**TO DO**
Your output should be the lines below from the one with "ALCBT-GGGI India at" through the one with "OptOutside at the McGinnis Reserve 11/26", copied exactly, pictures excluded.

Records from a data source
━━━━

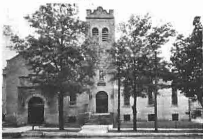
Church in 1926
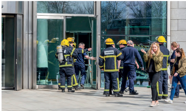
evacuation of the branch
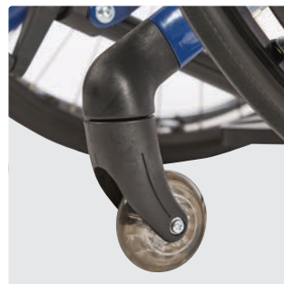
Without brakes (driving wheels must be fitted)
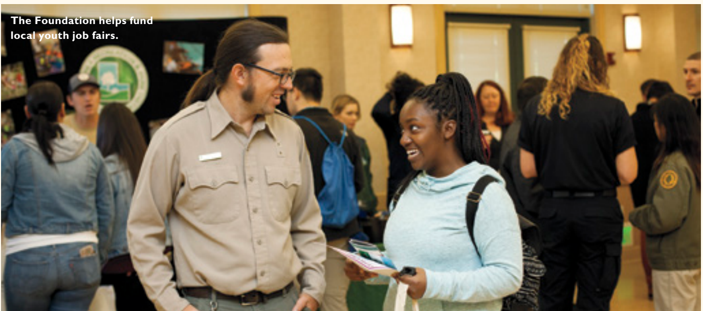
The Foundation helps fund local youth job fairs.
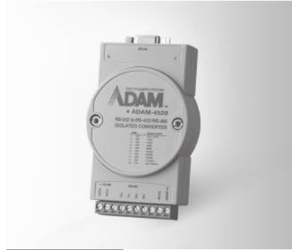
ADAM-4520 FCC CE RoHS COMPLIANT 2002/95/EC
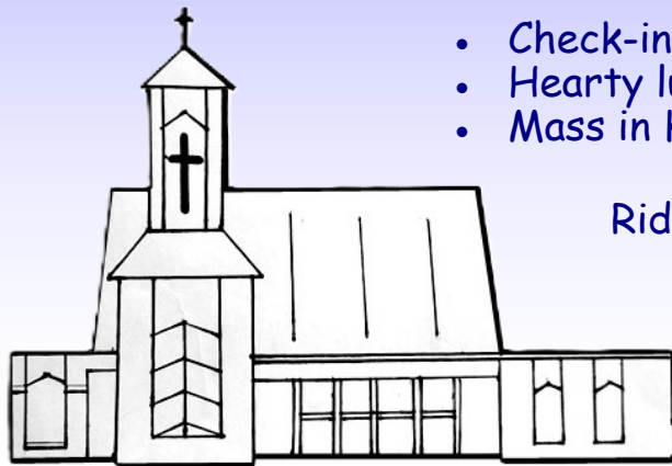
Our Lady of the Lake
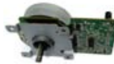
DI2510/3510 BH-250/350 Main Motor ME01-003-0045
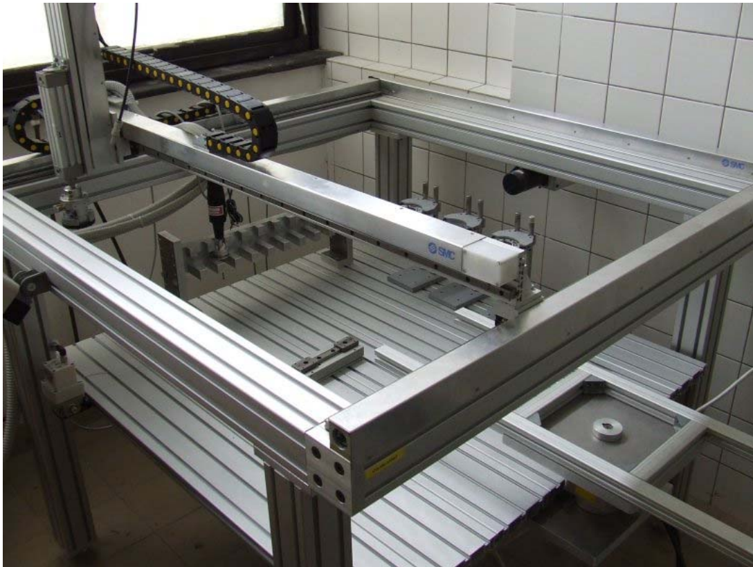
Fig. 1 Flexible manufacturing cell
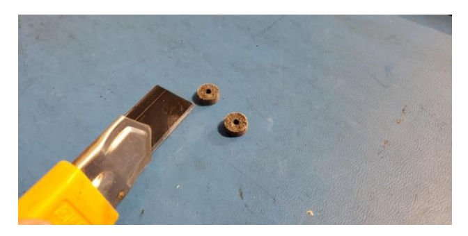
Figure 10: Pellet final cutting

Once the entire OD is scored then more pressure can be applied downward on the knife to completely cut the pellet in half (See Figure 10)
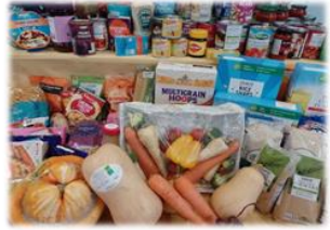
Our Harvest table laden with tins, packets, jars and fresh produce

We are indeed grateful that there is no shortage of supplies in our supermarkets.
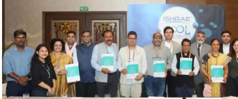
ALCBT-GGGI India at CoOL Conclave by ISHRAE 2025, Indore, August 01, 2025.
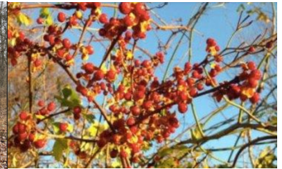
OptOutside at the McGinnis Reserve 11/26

━━━━

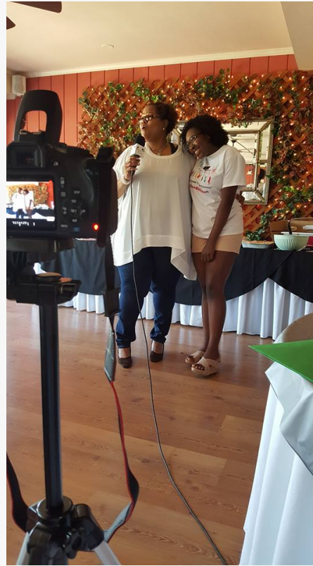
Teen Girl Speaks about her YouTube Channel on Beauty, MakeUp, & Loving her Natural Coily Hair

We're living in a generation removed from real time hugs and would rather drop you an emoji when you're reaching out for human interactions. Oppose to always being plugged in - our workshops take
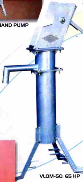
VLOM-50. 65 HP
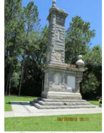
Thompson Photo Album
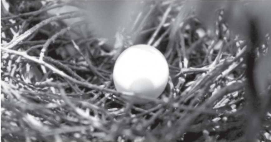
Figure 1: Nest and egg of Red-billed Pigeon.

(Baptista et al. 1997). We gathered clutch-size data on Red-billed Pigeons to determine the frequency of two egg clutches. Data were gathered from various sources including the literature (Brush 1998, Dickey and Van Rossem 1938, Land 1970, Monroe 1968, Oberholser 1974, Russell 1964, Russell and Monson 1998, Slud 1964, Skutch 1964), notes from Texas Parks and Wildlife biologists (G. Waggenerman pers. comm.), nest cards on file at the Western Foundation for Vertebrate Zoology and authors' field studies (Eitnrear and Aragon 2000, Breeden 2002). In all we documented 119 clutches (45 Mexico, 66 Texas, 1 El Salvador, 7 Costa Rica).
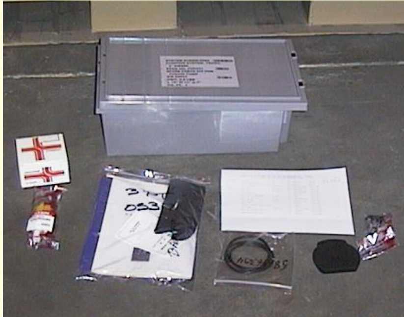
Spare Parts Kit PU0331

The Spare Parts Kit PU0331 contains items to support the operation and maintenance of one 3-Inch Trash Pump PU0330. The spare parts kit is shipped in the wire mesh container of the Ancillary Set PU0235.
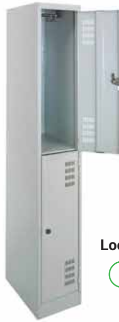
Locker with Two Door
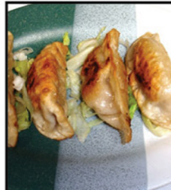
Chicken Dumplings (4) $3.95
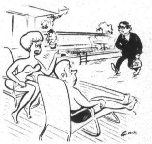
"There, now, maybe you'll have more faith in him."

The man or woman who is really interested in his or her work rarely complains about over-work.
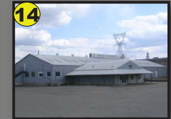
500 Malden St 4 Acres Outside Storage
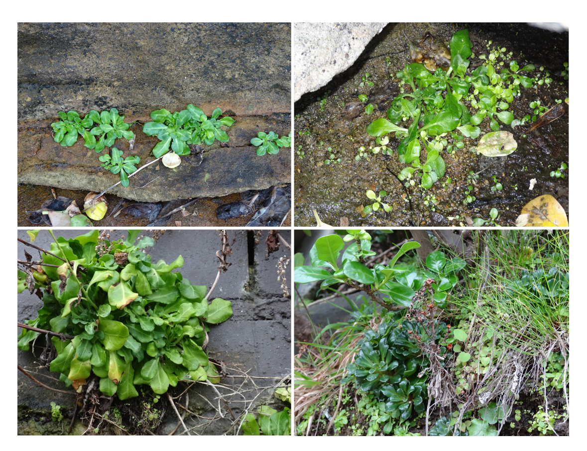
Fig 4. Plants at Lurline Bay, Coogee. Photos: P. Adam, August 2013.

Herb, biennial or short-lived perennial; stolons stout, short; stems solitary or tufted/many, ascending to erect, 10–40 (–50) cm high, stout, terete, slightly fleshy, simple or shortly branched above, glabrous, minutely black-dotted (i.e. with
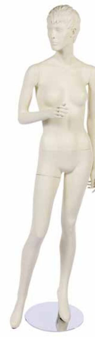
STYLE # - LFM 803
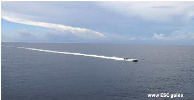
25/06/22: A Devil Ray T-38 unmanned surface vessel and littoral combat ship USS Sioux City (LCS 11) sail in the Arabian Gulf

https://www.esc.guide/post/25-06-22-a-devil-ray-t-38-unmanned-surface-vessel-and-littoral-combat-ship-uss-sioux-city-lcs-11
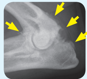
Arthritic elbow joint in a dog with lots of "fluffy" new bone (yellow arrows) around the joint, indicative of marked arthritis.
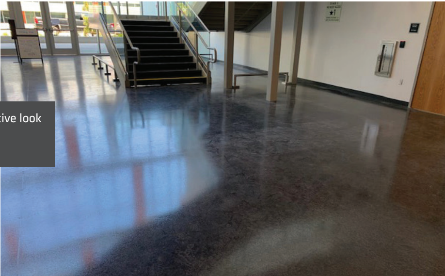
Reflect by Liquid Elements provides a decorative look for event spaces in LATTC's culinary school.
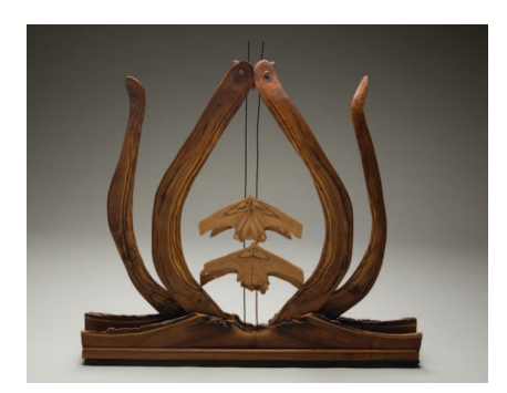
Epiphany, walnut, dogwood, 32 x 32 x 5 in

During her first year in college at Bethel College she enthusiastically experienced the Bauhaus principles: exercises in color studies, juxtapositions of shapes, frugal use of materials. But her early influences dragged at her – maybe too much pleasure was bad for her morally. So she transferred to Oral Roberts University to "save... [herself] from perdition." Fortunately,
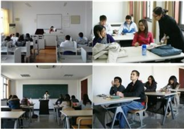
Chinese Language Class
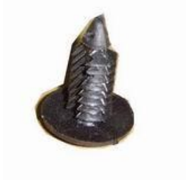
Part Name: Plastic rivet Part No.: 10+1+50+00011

━━━━

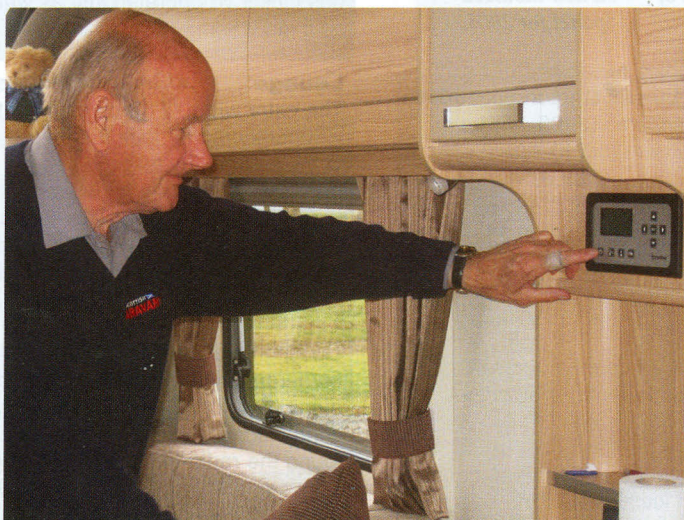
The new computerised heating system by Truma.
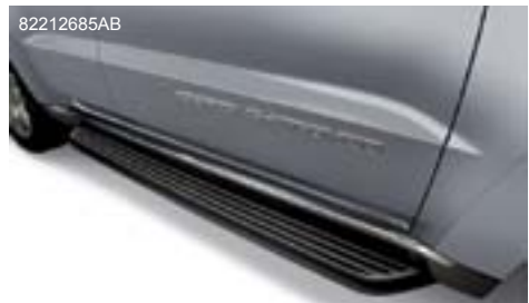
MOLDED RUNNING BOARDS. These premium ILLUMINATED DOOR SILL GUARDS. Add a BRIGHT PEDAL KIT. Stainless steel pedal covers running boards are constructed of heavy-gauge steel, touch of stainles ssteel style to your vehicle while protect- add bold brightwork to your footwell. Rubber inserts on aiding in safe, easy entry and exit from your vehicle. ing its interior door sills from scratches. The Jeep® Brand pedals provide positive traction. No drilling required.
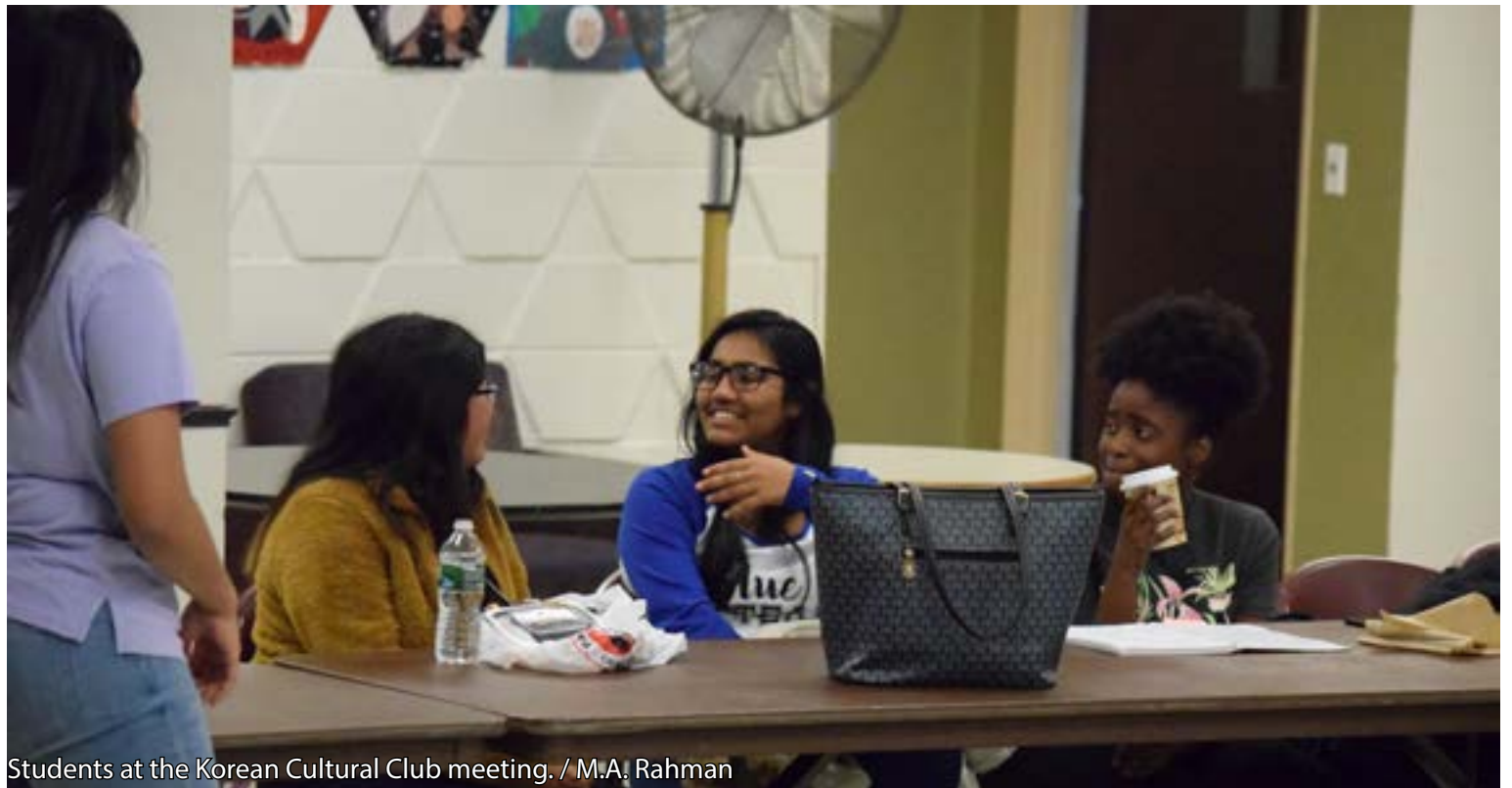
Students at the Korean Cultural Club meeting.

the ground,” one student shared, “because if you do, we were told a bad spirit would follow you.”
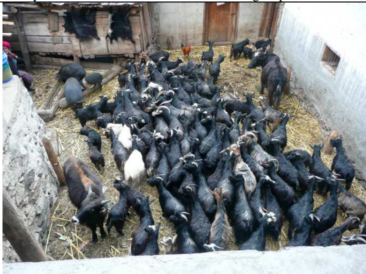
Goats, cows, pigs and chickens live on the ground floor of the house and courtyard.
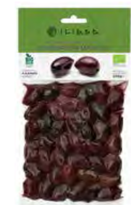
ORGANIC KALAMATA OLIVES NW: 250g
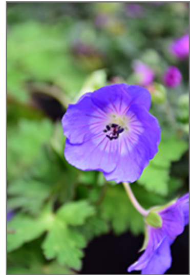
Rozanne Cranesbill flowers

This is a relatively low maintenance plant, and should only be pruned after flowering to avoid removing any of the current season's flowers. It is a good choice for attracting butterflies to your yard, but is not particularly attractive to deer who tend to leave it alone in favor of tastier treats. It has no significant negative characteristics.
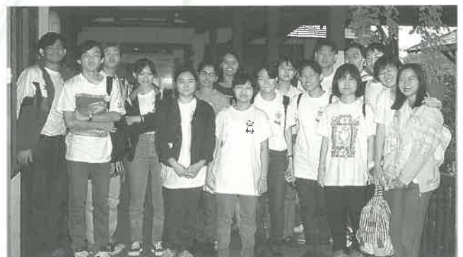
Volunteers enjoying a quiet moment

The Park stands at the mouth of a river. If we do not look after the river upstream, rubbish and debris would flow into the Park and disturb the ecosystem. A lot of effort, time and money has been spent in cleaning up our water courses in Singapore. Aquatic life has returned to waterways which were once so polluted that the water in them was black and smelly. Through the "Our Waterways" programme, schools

━━━━

**WRITTEN SOLUTION**
ALCBT-GGGI India at CoOL Conclave by ISHRAE 2025, Indore, August 01, 2025.
OptOutside at the McGinnis Reserve 11/26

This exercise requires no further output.